■ STORED DATA
◇ ◇ ◇

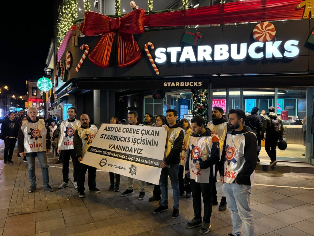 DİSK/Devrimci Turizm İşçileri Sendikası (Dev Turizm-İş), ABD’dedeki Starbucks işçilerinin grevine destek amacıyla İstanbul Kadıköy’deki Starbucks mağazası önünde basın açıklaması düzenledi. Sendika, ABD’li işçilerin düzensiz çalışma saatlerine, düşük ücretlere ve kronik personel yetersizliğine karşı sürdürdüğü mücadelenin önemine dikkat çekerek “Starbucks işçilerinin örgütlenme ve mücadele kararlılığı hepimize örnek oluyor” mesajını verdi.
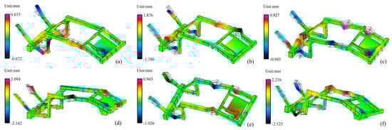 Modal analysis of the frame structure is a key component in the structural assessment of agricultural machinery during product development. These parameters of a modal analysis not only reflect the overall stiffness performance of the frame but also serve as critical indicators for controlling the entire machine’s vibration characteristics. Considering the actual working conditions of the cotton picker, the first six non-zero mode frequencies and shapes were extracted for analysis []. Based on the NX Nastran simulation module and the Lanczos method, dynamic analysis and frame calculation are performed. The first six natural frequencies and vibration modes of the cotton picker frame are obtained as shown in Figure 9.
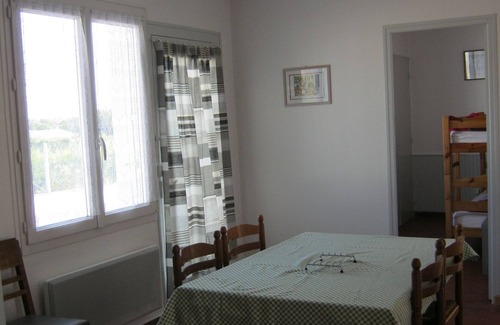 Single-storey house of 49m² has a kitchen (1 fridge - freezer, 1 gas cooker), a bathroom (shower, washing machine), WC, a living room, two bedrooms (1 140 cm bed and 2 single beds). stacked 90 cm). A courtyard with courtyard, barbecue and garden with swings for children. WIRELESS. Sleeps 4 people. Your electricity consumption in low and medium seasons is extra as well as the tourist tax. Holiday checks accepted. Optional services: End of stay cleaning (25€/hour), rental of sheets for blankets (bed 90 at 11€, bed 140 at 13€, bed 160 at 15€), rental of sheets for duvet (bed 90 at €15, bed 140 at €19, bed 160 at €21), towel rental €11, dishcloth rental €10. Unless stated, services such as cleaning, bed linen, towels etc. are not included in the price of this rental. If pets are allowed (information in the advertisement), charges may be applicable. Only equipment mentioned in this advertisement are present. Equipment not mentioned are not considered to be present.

◇ ◇ ◇

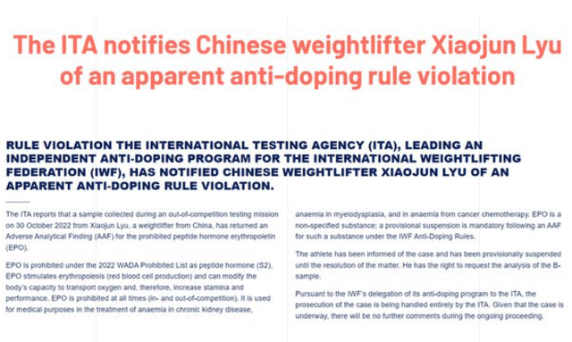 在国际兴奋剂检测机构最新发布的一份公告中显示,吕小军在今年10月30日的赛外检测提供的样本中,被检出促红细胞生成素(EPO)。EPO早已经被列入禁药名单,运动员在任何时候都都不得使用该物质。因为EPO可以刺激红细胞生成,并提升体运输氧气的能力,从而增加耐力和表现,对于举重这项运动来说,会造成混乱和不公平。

◇ ◇ ◇

■ PROBLEM
Repeat exactly, and only, the entries from the line with "DİSK/Devrimci Turizm İşçileri" through the line with "Single-storey house of". Pictures are skipped.

■ YOUR RESPONSE
 DİSK/Devrimci Turizm İşçileri Sendikası (Dev Turizm-İş), ABD’dedeki Starbucks işçilerinin grevine destek amacıyla İstanbul Kadıköy’deki Starbucks mağazası önünde basın açıklaması düzenledi. Sendika, ABD’li işçilerin düzensiz çalışma saatlerine, düşük ücretlere ve kronik personel yetersizliğine karşı sürdürdüğü mücadelenin önemine dikkat çekerek “Starbucks işçilerinin örgütlenme ve mücadele kararlılığı hepimize örnek oluyor” mesajını verdi.
 Modal analysis of the frame structure is a key component in the structural assessment of agricultural machinery during product development. These parameters of a modal analysis not only reflect the overall stiffness performance of the frame but also serve as critical indicators for controlling the entire machine’s vibration characteristics. Considering the actual working conditions of the cotton picker, the first six non-zero mode frequencies and shapes were extracted for analysis []. Based on the NX Nastran simulation module and the Lanczos method, dynamic analysis and frame calculation are performed. The first six natural frequencies and vibration modes of the cotton picker frame are obtained as shown in Figure 9.
 Single-storey house of 49m² has a kitchen (1 fridge - freezer, 1 gas cooker), a bathroom (shower, washing machine), WC, a living room, two bedrooms (1 140 cm bed and 2 single beds). stacked 90 cm). A courtyard with courtyard, barbecue and garden with swings for children. WIRELESS. Sleeps 4 people. Your electricity consumption in low and medium seasons is extra as well as the tourist tax. Holiday checks accepted. Optional services: End of stay cleaning (25€/hour), rental of sheets for blankets (bed 90 at 11€, bed 140 at 13€, bed 160 at 15€), rental of sheets for duvet (bed 90 at €15, bed 140 at €19, bed 160 at €21), towel rental €11, dishcloth rental €10. Unless stated, services such as cleaning, bed linen, towels etc. are not included in the price of this rental. If pets are allowed (information in the advertisement), charges may be applicable. Only equipment mentioned in this advertisement are present. Equipment not mentioned are not considered to be present.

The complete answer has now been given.